The Catalan Institute for Water Research - ICRA (; ) is a research institute studying  the   water cycle, hydraulic resources, water quality and treatment and evaluation technologies, which is located at the Parc Cientific i Tecnologic de la Universitat de Girona, Girona, Spain. ICRA was created in 2006 by the Government of Catalonia and the University of Girona. 
The research carried out at the ICRA has to do with all the aspects related with water, particularly those associated with its rational use and the effects of human activity on hydraulic resources.
The  Institute is particularly interested in investigating and solving the impacts of drought, along with the aspects of quality in the treatment and reuse of water, dedicating priority attention to the Mediterranean Sea.

Research Areas

Resources and Ecosystems 

This research area investigates the spatial and temporal dynamics of water resources and its potential effects, especially on the structure and function of continental aquatic ecosystems.

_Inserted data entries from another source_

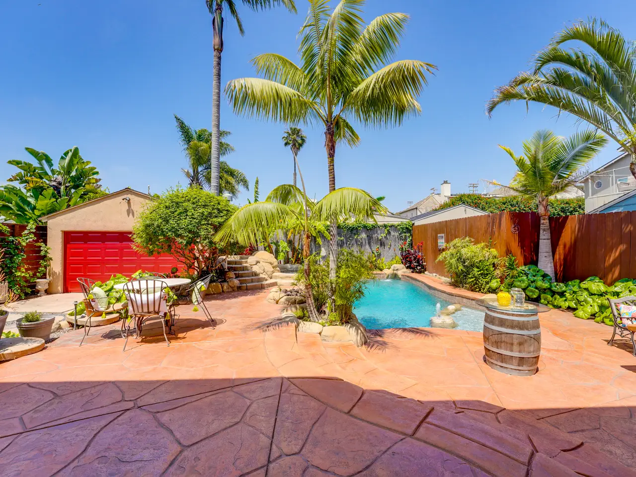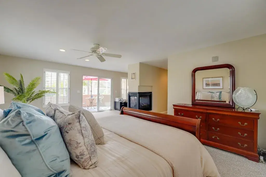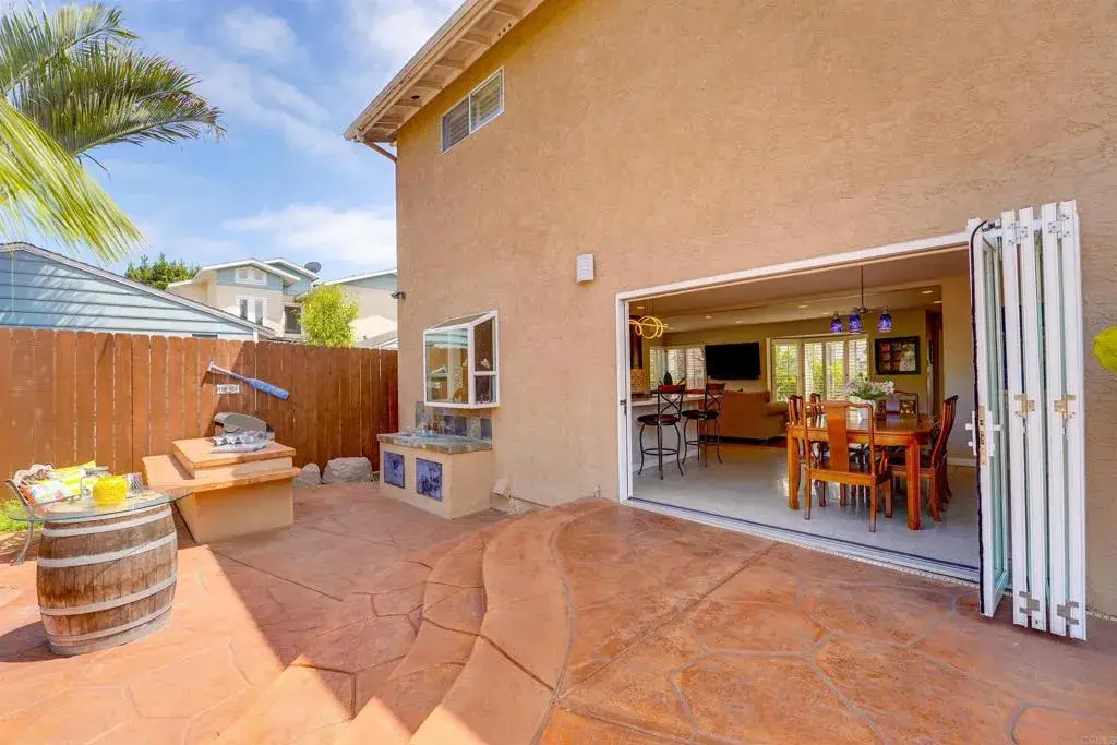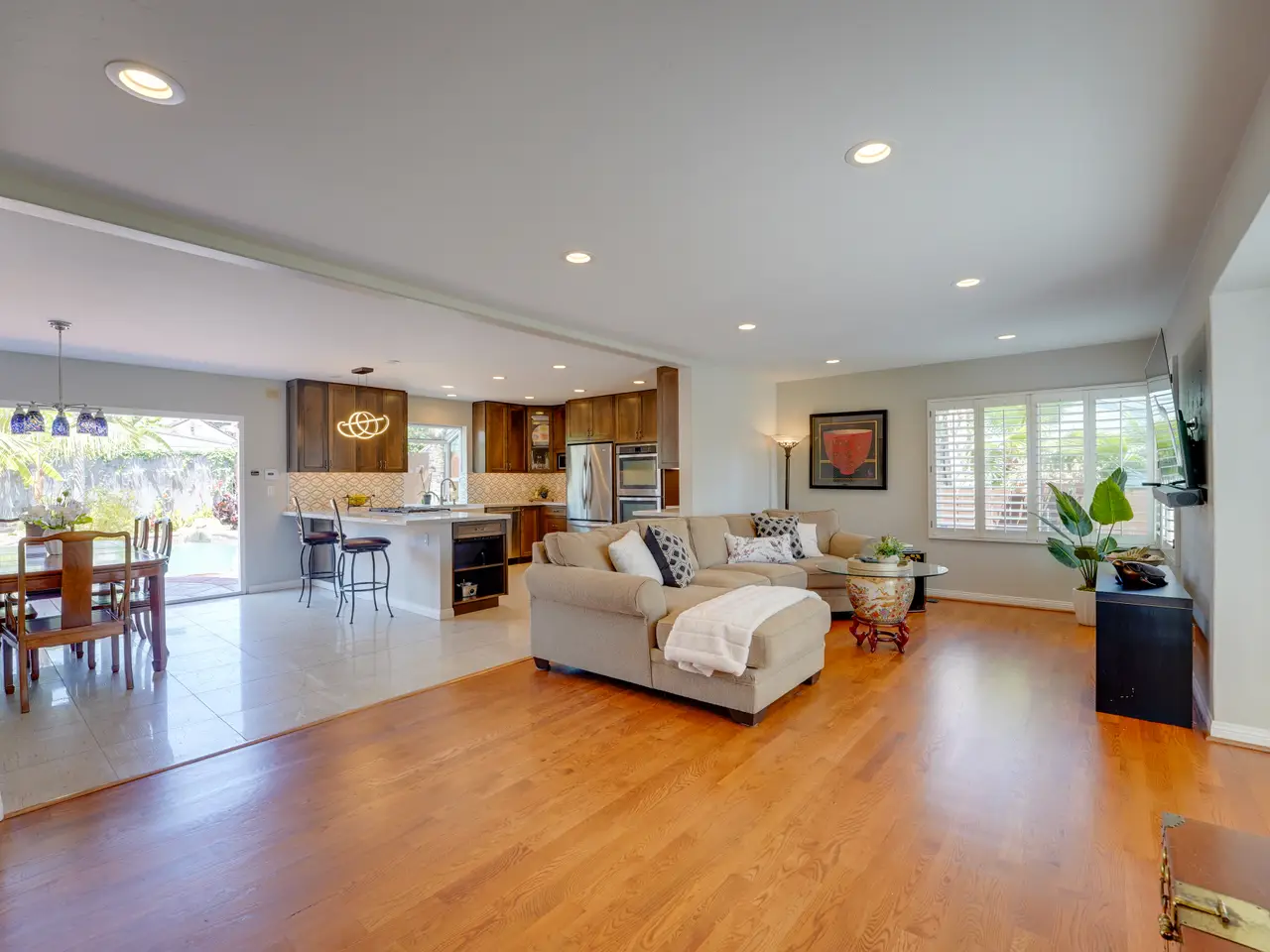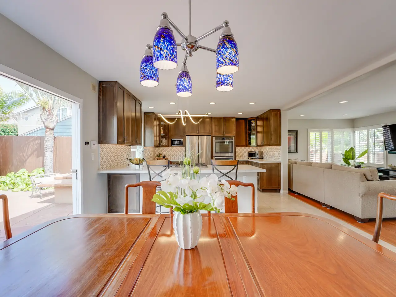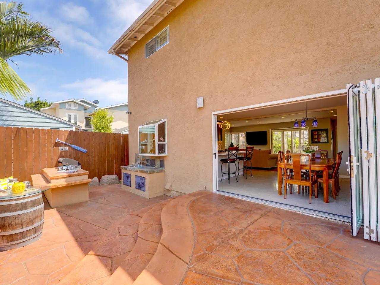 Set in one of Point Loma’s most sought-after neighborhoods, this thoughtfully remodeled Loma Portal residence blends timeless coastal style with elevated indoor-outdoor living. A versatile layout includes four bedrooms and three full bathrooms, with two bedrooms and a full bath conveniently located on the main level—perfect for guests, multigenerational living, or a dedicated home office. The heart of the home is an open, light-filled floor plan featuring rich wood flooring, large windows, and a beautifully renovated chef’s kitchen. Custom wood cabinetry, quartz countertops, a gas cooktop, and full-size double electric ovens create a gourmet experience, while a wine bar with wine refrigerator and designer lighting adds a refined touch to the adjacent dining area. The living space flows effortlessly to the backyard through expansive La Cantina folding glass doors, creating a seamless connection between indoors and out. The resort-style backyard is designed for both relaxation and entertainment, inspired by South Pacific ambiance. A sparkling pool with slide and fountains, spa, outdoor kitchen with built-in BBQ, gas burner, sink, and shower make it a true retreat. Lush tropical landscaping, swaying palms, raised garden beds, and a hand-placed stone zen garden complete the tranquil oasis. Upstairs, the serene primary suite offers a luxurious escape, complete with a striking three-sided fireplace, retreat area, and access to a private balcony shared with the third upstairs bedroom—perfect for enjoying morning coffee, ocean breezes, and evening sunsets. The spa-inspired ensuite bath includes a deep soaking tub, walk-in shower, and dual vanities. Additional highlights include an owned solar system for energy efficiency, a finished two-car garage, manicured front lawn, and a location that places you just minutes from Liberty Station, Rosecrans shops and dining, downtown, and area beaches via Chatsworth. This exceptional home captures the very best of Point Loma living—comfort, style, and convenience in one thoughtfully designed package.
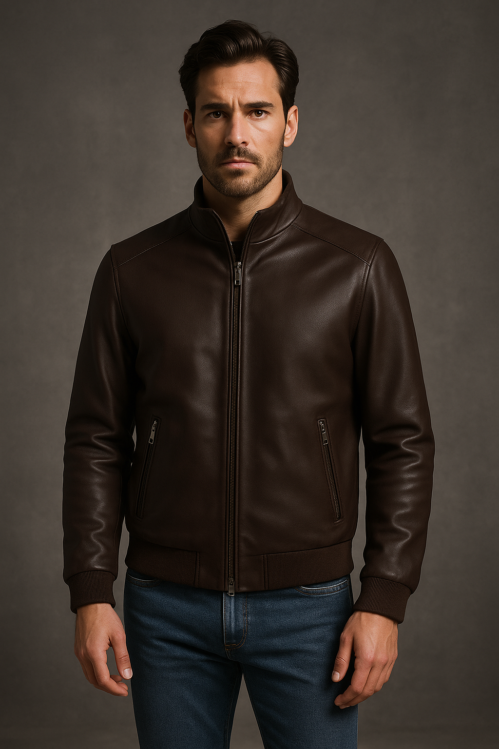 La silhouette bomber è valorizzata dal collo in piedi, dalla chiusura con zip, dai polsini e fondo in maglia e dalle tasche laterali con zip, che aggiungono praticità mantenendo un design pulito ed elegante. Perfetto per il guardaroba delluomo moderno, questo giubbotto unisce artigianalità italiana, comfort quotidiano e versatilità: ideale sia con outfit casual, sia sopra camicie o maglioni nei look più raffinati.
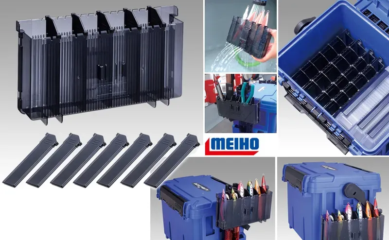 Meiho BM-3020DStocker Attachment is compatible with all models of the brand with side slots, including BM-9000, BM-7000, BM-5000, VS-7080, VS -7080N, VS-7070, VS-7070N, VS-7055, VS-7055N, VW-2070, VW-2055. It can also be fixed to the BM series rod stands if you are already using one and the slots are occupied, this is done very easily via multi holders BM-25 and BM-30, depending on the stand . So you even get even more storage options, and the fixing itself is super quick and easy – with the help of a strong and secure clip on the back. After fishing, the lure and tackle organizer can be stored upright in most company cases, and the drainage holes for each compartment also allow direct saltwater washing of tackle inside.
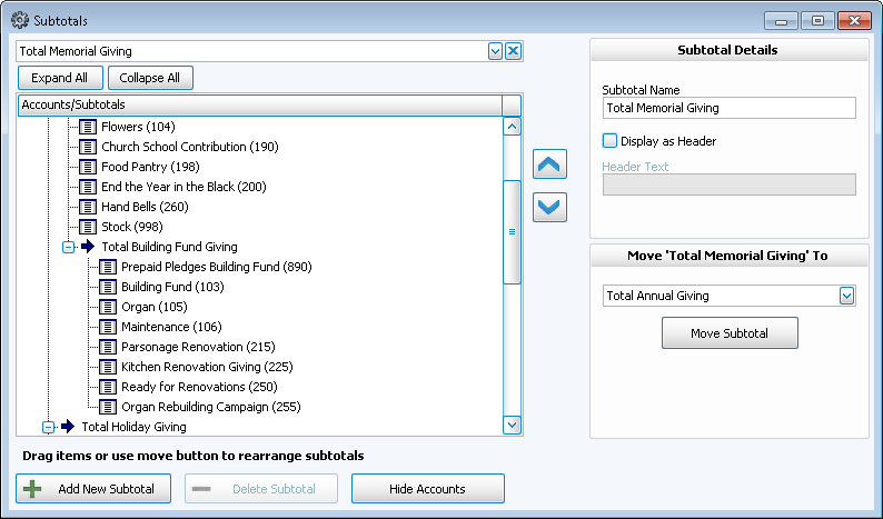 The list of Accounts / Subtotals always has in place a subtotal item that represents the total of all the subtotals you create that serves as a grand total. The subtotal item is originally called Total Giving Accounts, a name that you can change at any time. Click the  expand button to the left of each row to view details (when expanded it will become a collapse button).
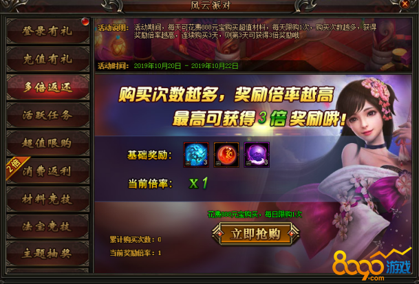 3. 多倍返还:活动期间,每天花费888元宝可购买超值材料,每日限购一次,购买的次数越多,奖励的倍率越高。
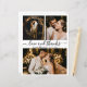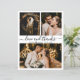 Orçamento, Moderno, Elegante, Colagem de Fotografias de Casamento à Mão Três Agradecimentos Personalizados Cartão Fino de barato Baixo Orçamento. Modelo de cartões de agradecimentos de casamento minimalista com três (3) fotos na frente e uma (1) foto no verso. Com o texto "Amor e obrigados" em uma letra de escrita caligráfica, escrita à mão, robusta, com traços em preto sobre fundo branco. Um pouco de coração entre os nomes. ***POR FAVOR, NOTE! *** O PAPEL ORÇAMENTAL/FLYER É MAIS FINO DO PAPEL. *** ATUALIZE O PAPEL PARA UM PAPEL MAIS ESPESSURO. *** Cartão postal: https://www.zazzle.com/wedding_photo_collage_love_and_thanks_thank_you_postcard-256313964226193537 Cardstock Tradicional com Envelopes: https://www.zazzle.com/love_and_thanks_script_wedding_photo_thank_you_card-256632561302382055 https://www.zazzle.com/elegant_typography_photo_collage_wedding_thank_you_card-256107482383952405 Personalize seu nome personalizado e sua mensagem de obrigado. Se preferir escrever manualmente a sua nota, basta eliminar o texto de amostra para obter mais espaço. Se precisar de ajuda ou item correspondente, entre em contato comigo!

Special emphasis is given to irregularities in water resources and the effects of land use and climate change on resources and ecosystems, particularly in the Mediterranean area.

Water Quality 

This area of research seeks to provide a complete and efficient response to the problems and challenges related to water quality, particularly in the Mediterranean area. The assessment of water quality as it is defined in this area—considering chemical, microbiological, and ecotoxicological
quality—allows identification of the tools needed for the adequate management and preservation of water bodies.

The main objective of this area is to define the concentrations, fate and mechanisms of action of pollutants and pathogenic elements in natural and reused waters.

The most modern chemical, microbiological, and ecotoxicological analytical methods are being implemented to assess water quality and to examine the corresponding characteristics of surface waters, groundwaters, and treated water, the latter including both drinking and wastewater. Risk assessment of water pollutants is determined by analyzing the environmental impact of organic compounds in water bodies. Studies of the presence, diversity, and activity of microbes in the aquatic environment are another objective in this area

Technologies and Evaluation 

This research area develops and evaluates methodologies and technologies for optimizing resources, energy efficiency, and cost minimization of processes related to the urban water system.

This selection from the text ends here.